**Required action:**
Return exactly the lines of the records below, starting at the line that contains "这里本人用到的比较多的是ga" and ending at the line that contains "Chương trình học", with both of those lines kept.

**Available records:**
━━━━━━

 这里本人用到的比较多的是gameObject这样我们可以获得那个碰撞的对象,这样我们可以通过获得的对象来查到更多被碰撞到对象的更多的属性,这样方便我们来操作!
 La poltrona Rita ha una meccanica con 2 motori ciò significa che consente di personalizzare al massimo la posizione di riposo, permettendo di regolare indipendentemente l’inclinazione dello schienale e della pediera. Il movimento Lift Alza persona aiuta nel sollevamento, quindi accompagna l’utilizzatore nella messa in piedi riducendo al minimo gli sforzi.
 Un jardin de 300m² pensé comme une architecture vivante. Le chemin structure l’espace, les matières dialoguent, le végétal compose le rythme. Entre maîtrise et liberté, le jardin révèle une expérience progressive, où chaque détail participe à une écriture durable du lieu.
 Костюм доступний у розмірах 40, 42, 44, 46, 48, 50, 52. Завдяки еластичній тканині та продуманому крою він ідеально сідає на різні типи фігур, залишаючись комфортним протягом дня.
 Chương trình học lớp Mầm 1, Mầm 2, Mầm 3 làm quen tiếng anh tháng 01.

━━━━━━

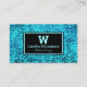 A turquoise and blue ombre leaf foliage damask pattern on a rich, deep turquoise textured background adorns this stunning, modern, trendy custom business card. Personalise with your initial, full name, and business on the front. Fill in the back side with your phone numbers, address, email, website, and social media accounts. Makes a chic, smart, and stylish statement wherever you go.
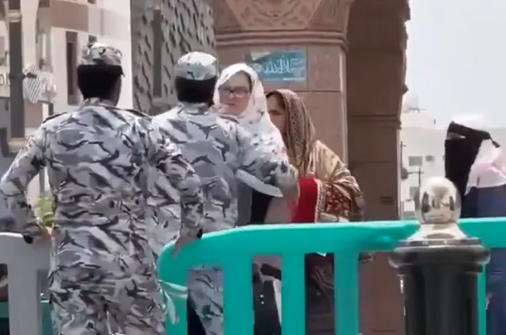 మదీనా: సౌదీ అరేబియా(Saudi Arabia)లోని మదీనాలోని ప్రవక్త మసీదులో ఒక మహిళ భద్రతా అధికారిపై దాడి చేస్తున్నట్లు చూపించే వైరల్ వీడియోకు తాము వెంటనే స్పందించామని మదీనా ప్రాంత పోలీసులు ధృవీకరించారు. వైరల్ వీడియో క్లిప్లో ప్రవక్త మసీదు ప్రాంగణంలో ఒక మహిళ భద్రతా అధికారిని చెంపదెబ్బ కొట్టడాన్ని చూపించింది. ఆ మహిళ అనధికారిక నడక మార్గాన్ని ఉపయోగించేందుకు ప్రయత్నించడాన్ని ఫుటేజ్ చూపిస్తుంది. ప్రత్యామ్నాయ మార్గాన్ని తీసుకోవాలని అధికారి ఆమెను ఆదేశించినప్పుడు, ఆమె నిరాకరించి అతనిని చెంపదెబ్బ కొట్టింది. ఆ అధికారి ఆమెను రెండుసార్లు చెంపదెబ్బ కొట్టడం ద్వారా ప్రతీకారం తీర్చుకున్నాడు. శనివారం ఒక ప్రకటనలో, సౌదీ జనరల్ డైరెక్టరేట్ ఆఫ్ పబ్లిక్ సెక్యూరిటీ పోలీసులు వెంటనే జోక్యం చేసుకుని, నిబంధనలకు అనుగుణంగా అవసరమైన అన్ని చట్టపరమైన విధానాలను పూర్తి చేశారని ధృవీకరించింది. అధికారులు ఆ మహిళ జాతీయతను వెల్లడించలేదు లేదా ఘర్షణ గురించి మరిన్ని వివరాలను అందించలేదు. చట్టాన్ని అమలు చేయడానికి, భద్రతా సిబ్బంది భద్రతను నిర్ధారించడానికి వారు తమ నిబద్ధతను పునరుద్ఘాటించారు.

━━━━━━

**Response to the exercise:**
 这里本人用到的比较多的是gameObject这样我们可以获得那个碰撞的对象,这样我们可以通过获得的对象来查到更多被碰撞到对象的更多的属性,这样方便我们来操作!
 La poltrona Rita ha una meccanica con 2 motori ciò significa che consente di personalizzare al massimo la posizione di riposo, permettendo di regolare indipendentemente l’inclinazione dello schienale e della pediera. Il movimento Lift Alza persona aiuta nel sollevamento, quindi accompagna l’utilizzatore nella messa in piedi riducendo al minimo gli sforzi.
 Un jardin de 300m² pensé comme une architecture vivante. Le chemin structure l’espace, les matières dialoguent, le végétal compose le rythme. Entre maîtrise et liberté, le jardin révèle une expérience progressive, où chaque détail participe à une écriture durable du lieu.
 Костюм доступний у розмірах 40, 42, 44, 46, 48, 50, 52. Завдяки еластичній тканині та продуманому крою він ідеально сідає на різні типи фігур, залишаючись комфортним протягом дня.
 Chương trình học lớp Mầm 1, Mầm 2, Mầm 3 làm quen tiếng anh tháng 01.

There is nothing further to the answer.